Le 27 février 1943, les SS de la Leibstandarte Hitler ont arrêté les derniers juifs de Berlin. Ils avaient été momentanémént protégés parce qu'ils travaillaient dans des usines vitales pour la Wehrmacht, d'autres parce que mariés à un conjoint allemand de sang et ne tombant pas de ce fait sous le coup des lois de Nuremberg. Un certain nombre d'entre eux sont enfermés dans un immeuble abritant précédemment un bureau d'aide social juif au 4, rue Rosenstrasse. Les épouses ne voyant pas leurs maris rentrer après le travail puis ayant appris où ils se trouvaient, se sont regroupées pendant des semaines, jour et nuit, devant l'immeuble en exigeant leur libération. Elles l'ont obtenue par leur persévérance malgré toutes les menaces et les intimidations. Hitler et ses sbires n'ont pas cédé par un accès subit de clémence mais parce que, après la défaite de Stalingrad et les revers sur le front russe, ils craignaient un revirement de la population allemande qui voyait fils et maris mourir sur ce front.
Cet épisode de résistance, d'opposition intransigeante et massive de la Rosenstrasse est peu connu en Allemagne et encore moins hors du pays. C'est le grand mérite de Margarethe Von Trotta de le faire connaître. Le mode de narration retenu introduit une part de fiction qui a le mérite de donner au film une portée accrue et sans doute plus puissante qu'un simple documentaire.
Le film est a verser au dossier Résistance allemande où il côtoiera Sophie Scholl, les derniers jours de Marc Rothemond, Seul dans Berlin de Vincent Perez, Une vie cachée de Terrence Mallick ou encore Elser, Un héros ordinaire de Oliver Hirschbiegel. Il nous rappelle qu' il y a toujours quelque chose à faire, même dans les pires moments. Il doit nous remettre en mémoire que la Shoah ne s'est pas abattu sur une communauté un beau matin par hasard, mais elle est une action préparer méthodiquement, pas à pas , étape par étape et il n'est pas inutile de relire La destruction des juifs d'Europe de Raul Hilberg.
Le 15 septembre 1935, trois lois,connues sous le nom de lois de Nuremberg, furent promulguées dans l'Allemagne nazie. La première traite du nouvel étendard, elle abolit celui de la République de Weimar et instaure la croix gammée sur fond rouge et blanc, la seconde définit la qualité d'allemand et la troisième porte sur la protection du sang allemand et de l'honneur allemand.

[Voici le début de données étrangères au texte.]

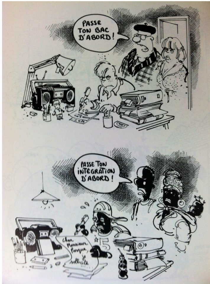
Figure 2: “Passe ton..!” by Plantu. Originally featured in Le Monde and later published in the collection, Le Petit Raciste Illustré , Éditions du Seuil, 1995.

The reforms proposed by the Chalandon bill would not strip second-generation immigrants of their access to French citizenship, but would instead make the acquisition of French nationality dependent on a ‘prior act of will,’ so as to “avoid integrating persons who don’t really want to be” French. 39 In fact, this version of the proposed reforms was already a complete departure from earlier proposals, which had unabashedly intended to restrict access to French citizenship rather than simply modify the process of acquisition. Nevertheless, this eventually became the general premise of the debate, and

Si la première loi est simple à appliquer car relevant essentiellement de l'industrie textile, les deux suivantes se révèlent plus complexes à mettre en œuvre. Le juif est évoqué mais pas défini et ce n'est que quelques semaines plus tard que des décrets en donnent une définition religieuse reposant sur une identification par déclaration obligatoire avant 1875. Est désormais réputé juif celui ou celle qui compte parmi ses grands-parents au moins deux aïeux qui s'étaient déclarés comme tels du temps où chaque allemand devait se définir par son appartenance religieuse. Aucune définition raciale, le juif est désormais défini par sa religion et par la haine dont il fait l'objet. Les délires anthropométriques d'une clique de pseudo-scientifiques n'auront pour fonction que d'alimenter la haine ordinaire des antisémites traditionnels.
Désormais l'exclusion professionnelle des juifs et l'interdiction de tout mariage entre juifs et allemands de sang pouvaient se mettre en marche. Les mariages contractés avant 1935 doivent être dissous par le divorce. Si beaucoup de divorces ont été prononcés à la demande d'un des conjoints, ce ne fut pas toujours le cas car bien des couples « mixtes » résistent aux pressions.
Les lois de Nuremberg avaient pour fonction de séparer la population allemande en deux groupes distincts et antagoniques pour inciter les juifs allemands ou les allemands juifs à quitter le pays. La première étape pour rendre l'Allemagne « Judenrein » ( débarrassé des juifs) était de les inciter à émigrer soit volontairement soit en pratiquant la terreur (Nuit de cristal). C'est avec l'invasion de la Pologne en 1939 que commencèrent les meurtres de masse de juifs en Pologne. Ce n'est qu'à partir de la conférence de Wannsee en novembre 1941 que débute la « solution finale » c'est à dire l'arrestation, la déportation et l'extermination des juifs d'Allemagne et des pays européens occupés.
Si arrestations et déportations vers des camps implantés hors du territoire allemand n'étaient pas secrets, la nature des camps de...regroupement et ce qui s'y passait, c'est à dire des meurtres de masse, était entouré du plus grand secret. Cela explique en partie les précautions dont les nazis s'entouraient concernant les arrestations de conjoints juifs surtout après la défaite de Stalingrad. Il fallait que le front intérieur ne cède pas.